Levy believes that natural gas is also a great feedstock for all areas of the industry’s value chain, including the downstream petrochemical industry, and will be required much longer than conventional power generation. “Mexico spends about US$5 billion a year on imported natural gas. This means that US$0.93 of every US$1 leaves Mexico. If that gas was produced, purchased and consumed in Mexico, the country would retain that US$5 billion,” says Levy.
Over the next year or so, Levy expects gas prices to be in the high US$2 per MMBTU to the low US$3 per MMBTU. Furthermore, he believes that significant policy changes on both sides of the border will also contribute to the acceleration of a transition. “US President Joe Biden may push forward with emission reductions in the US and that would lead to higher power production via gas. Demand might, therefore, rise faster than expected,” he says. “If the demand for oil is not there, more conventional associated gas will come off the market globally, which will be beneficial for the gas price.”
Oil and Gas Production Amid the Energy Transition
The opportunities created by natural gas production suggest another dilemma when speaking of Mexican production related to the incoming energy transition. Perhaps the operator most involved in this question is PEMEX. Other NOCs and also IOCs of comparable size and global importance, such as Shell and BP, are already transitioning toward a business model that phases out fossil fuels to address the climate crisis. This has already had an impact on Mexico, as Equinor’s divestment from its Mexican deepwater assets demonstrated, which took place as a direct response to that company’s energy transition mandates.
PEMEX needs to define how it will face this process, as well, states Niels Versfeld, CEO of Simmons Edeco. “Publicly traded oil and gas companies, especially the supermajors, have been under increasing pressure to not just reduce emissions but to stop investment in oil and gas all together.” Versfeld points to the International Energy Agency (IEA) calling for the end of all investment in oil and gas projects immediately as the writing is on the wall, along with the case of Exxonmobil, not considered a climate leader, being forced by an activist hedge fund to bring on board additional climate-focused directors.

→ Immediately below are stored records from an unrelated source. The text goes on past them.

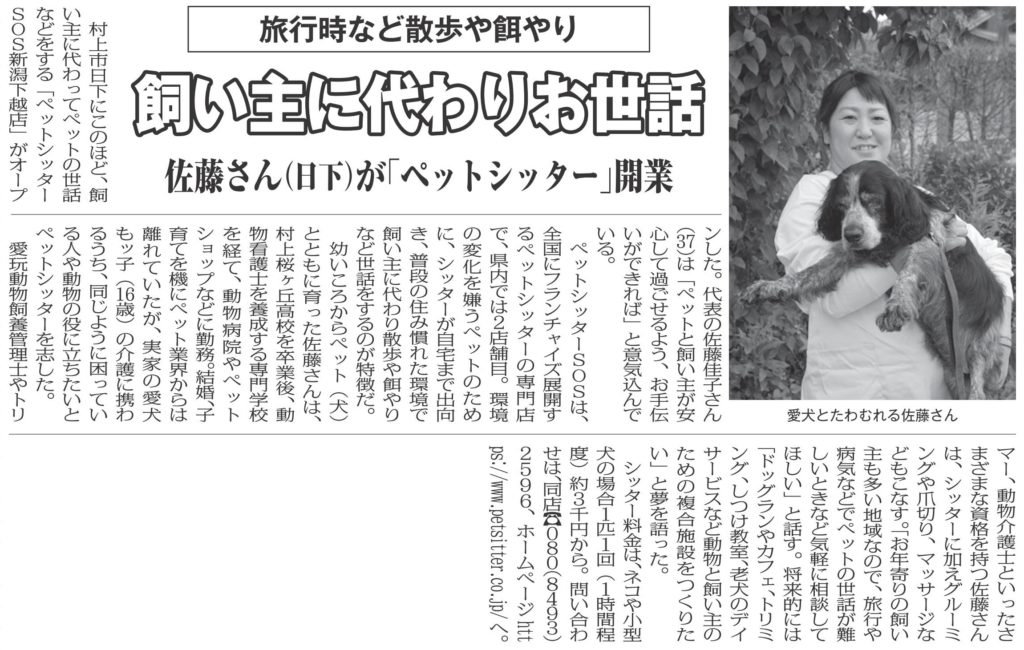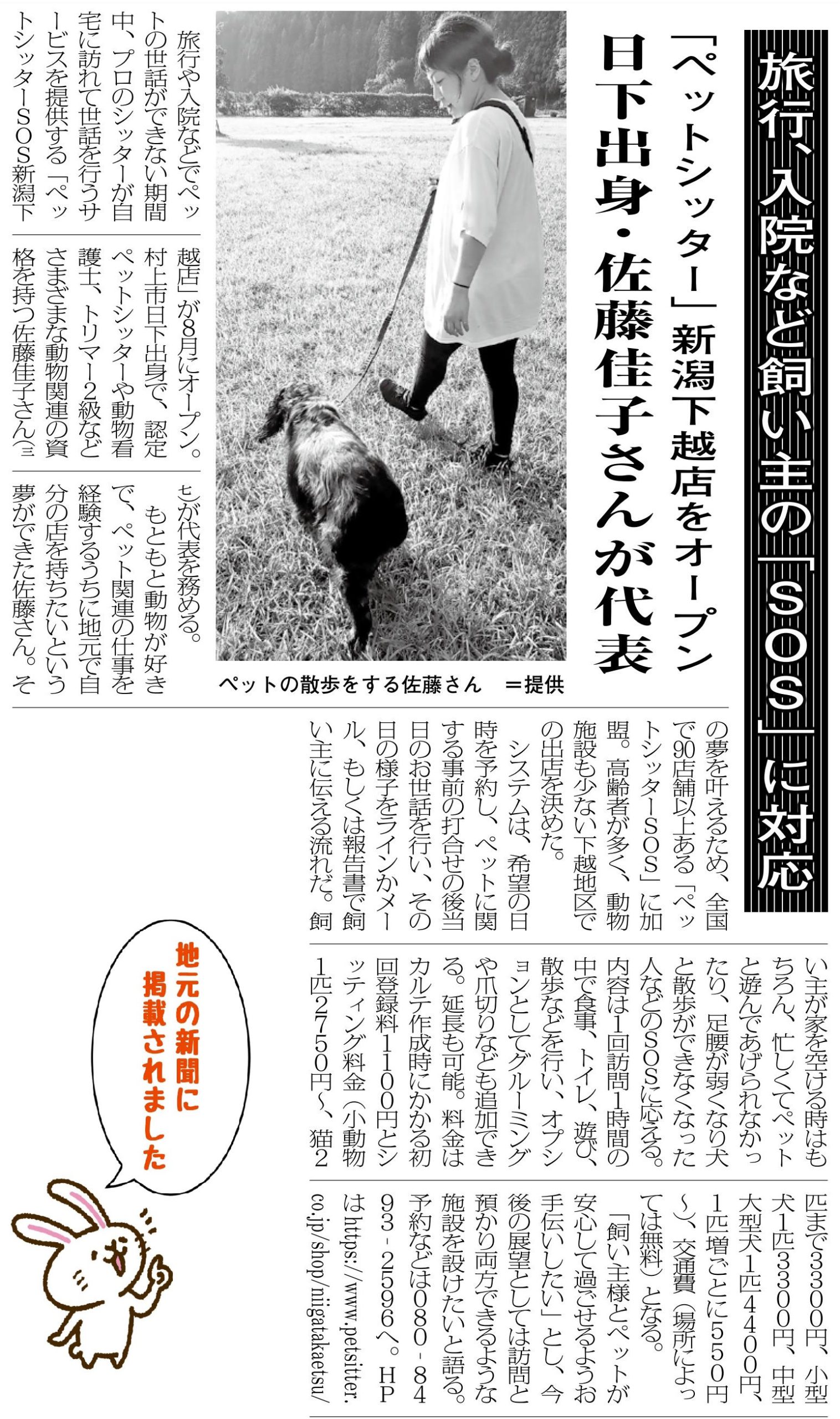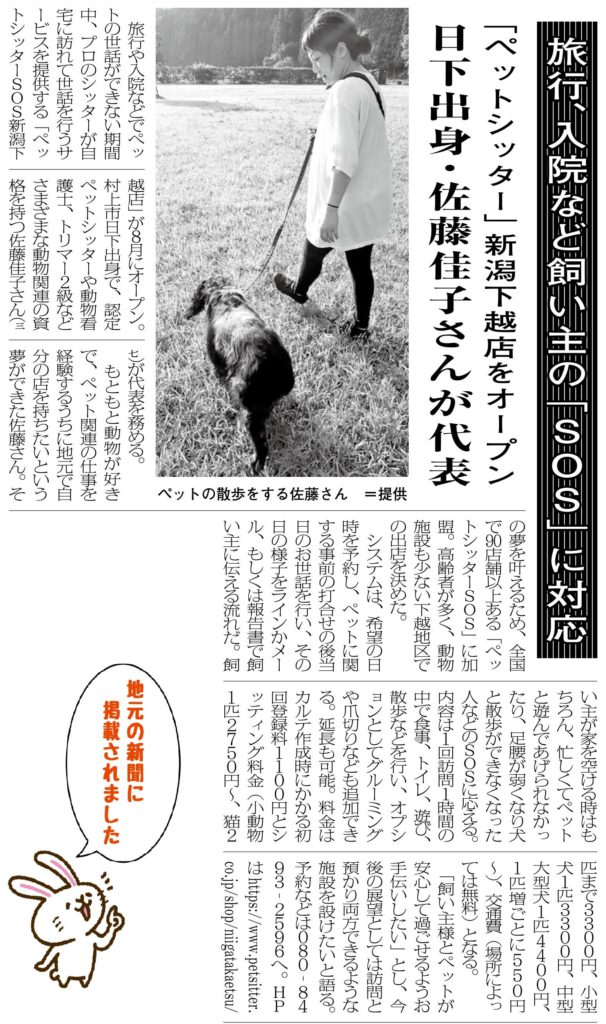 ペットシッターSOS新潟下越店は、胎内市、村上市を中心にお留守番のペットのお世話をするペットシッターです。
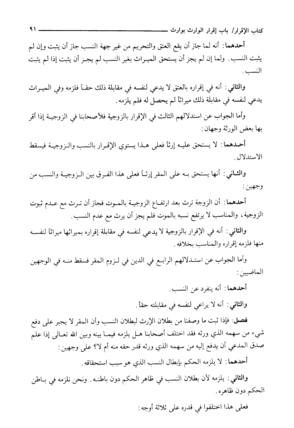 وَأَمَّا الْجَوَابُ عَنِ اسْتِدْلَالِهِمِ الثَّالِثِ فِي الْإِقْرَارِ بِالزَّوْجِيَّةِ فَلِأَصْحَابِنَا فِي الزَّوْجِيَّةِ إِذَا أَقَرَّ بِهَا بَعْضُ الْوَرَثَةِ وَجْهَانِ:
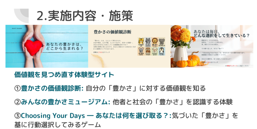 「自分自身はやりたいことを選べる環境にいたが、家庭によって状況は違う。そこで、進路選択時にあまり目を向けられていない『親』にフォーカスした」と語る大垣さん。nestでの経験を経て「人々を巻き込むリーダー的参謀として、今後もプロジェクトの構造やプロセスを考えることに力を入れたい」と、自らの強みを力強く宣言した。
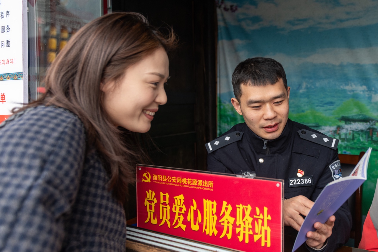 民警在党员爱心服务驿站为游客讲解游客须知。酉阳县公安局 供图
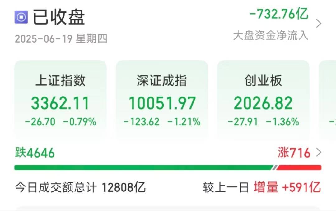 【大河财立方消息】6月19日,A股三大指数午后持续走弱,截至收盘,沪指跌0.79%,深证成指跌1.21%,创业板指跌1.36%,全天成交额1.28万亿元在线股票配资网,较上一个交易日增量591亿元。
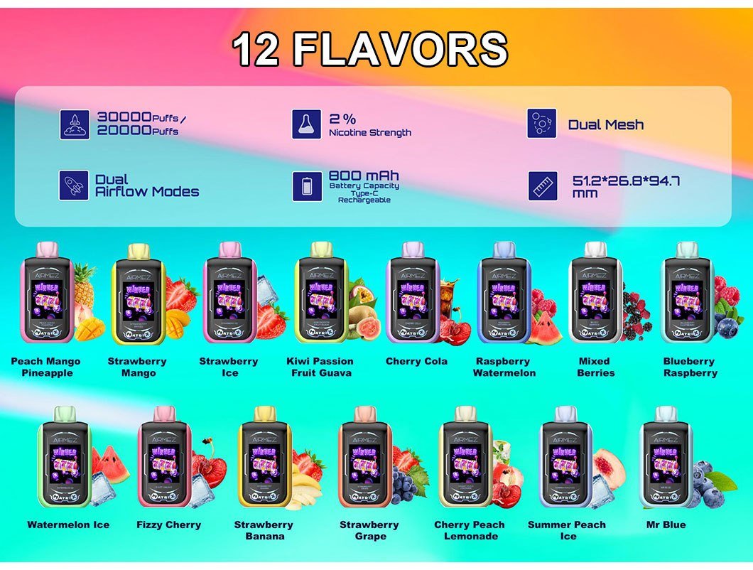 Beyond its innovative features, the Airmez Matrix invites you to explore a curated collection of 12 exceptional flavors. Each profile has been meticulously crafted to awaken your taste buds and elevate every moment of your vaping journey, whether you’re taking a quick break or settling in for a longer session. It’s more than a device—it’s an experience designed to surprise, satisfy, and accompany you through every part of your day.
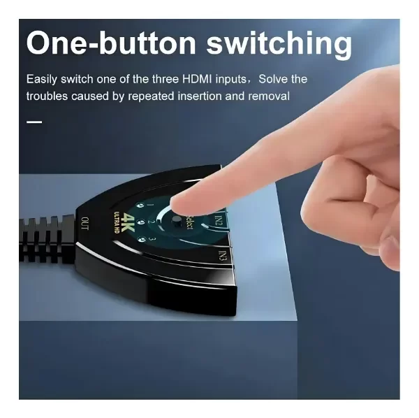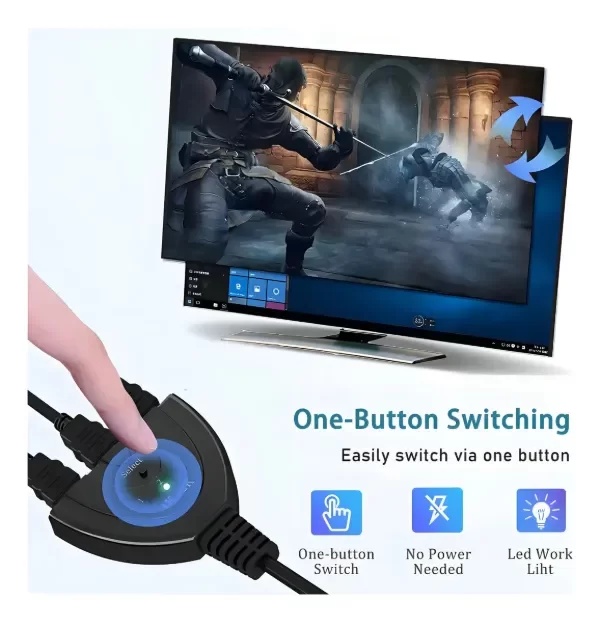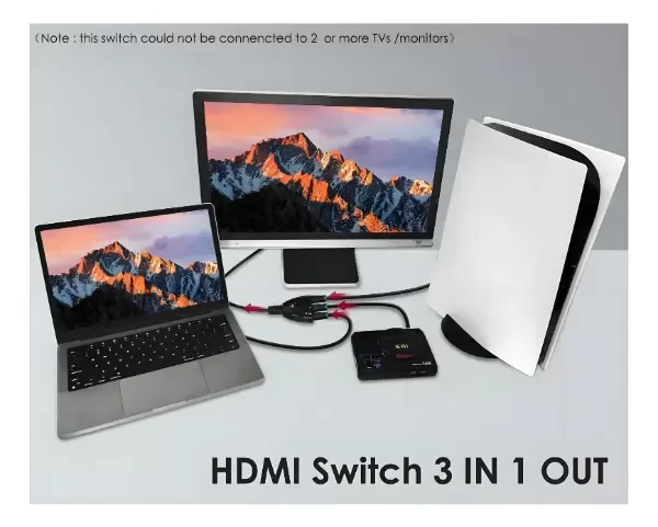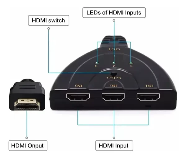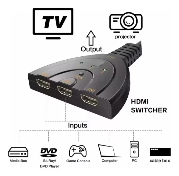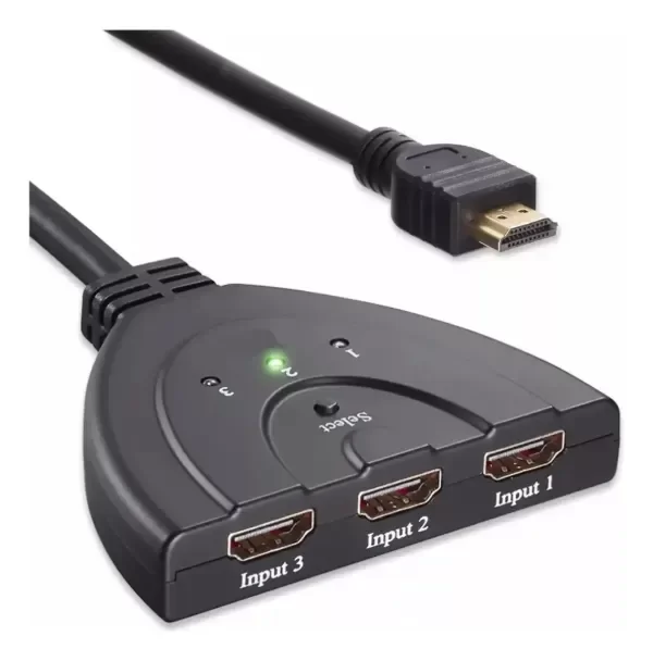 – Conecta 3 Dispositivos a 1 Solo Puerto Dejá de desconectar y reconectar cables cada vez que querés usar otro dispositivo. Con este Switch HDMI 3x1, podés conectar hasta 3 equipos HDMI a un solo puerto de tu TV, monitor o proyector y alternarlos fácilmente con solo presionar el botón Select. Ideal para consolas, TV Box, Blu-ray, PC, notebook o decodificadores. Su sistema de selección manual con indicador LED te muestra cuál entrada está activa, permitiéndote cambiar de fuente en segundos sin complicaciones. Más orden, menos cables. Cambiá entre dispositivos en un solo clic. Imagen nítida y sonido sin pérdida Disfrutá de transmisión 1080p Full HD con audio y video de alta calidad. Sus conectores garantizan una señal estable, reduciendo interferencias, ruido y pérdida de calidad. Perfecto para gaming, películas, streaming o presentaciones. Compatibilidad total Compatible con: Consolas de videojuegos Reproductores Blu-ray / DVD TV Box / Decodificadores Computadoras y notebooks Proyectores y monitores Funciona sin configuraciones complejas. Solo conectar y usar. Diseño compacto y práctico Su diseño elegante en color negro se integra fácilmente a cualquier setup. Incluye cable integrado de 50 cm, brindando flexibilidad para organizar tus dispositivos cómodamente. Compacto, liviano y fácil de transportar. Características técnicas Tipo: Switch HDMI 3 entradas x 1 salida Resolución máxima: 1080p Full HD Selección manual con botón “Select” Indicadores LED de entrada activa Transmisión de audio y video digital Longitud de cable: 50 cm Ancho del dispositivo: 8 cm Compatible con PS, Xbox, TV Box, DVD, PC, Notebook Color: Negro

Even Shell, considered a climate leader, did not escape a Dutch courts’ decision that legally forced the company to reduce greenhouse gas emissions more aggressively.
The fact that oil and gas production will remain relevant to the government’s energy objectives and to Mexico’s interest as a whole will have to be balanced with all of these developments, keeping in mind expectations regarding ongoing oil and gas demand. The IEA itself predicts that oil and gas demand will continue to increase even if renewable power generation grows faster than current forecasts. As Versfeld highlights: “In an optimistic scenario wherein the developed world was to stop oil and gas consumption and switch to renewables by 2050, is it plausible to think that all countries, especially those that have not had the benefits of energy-rich development, will stop consuming fossil fuels?”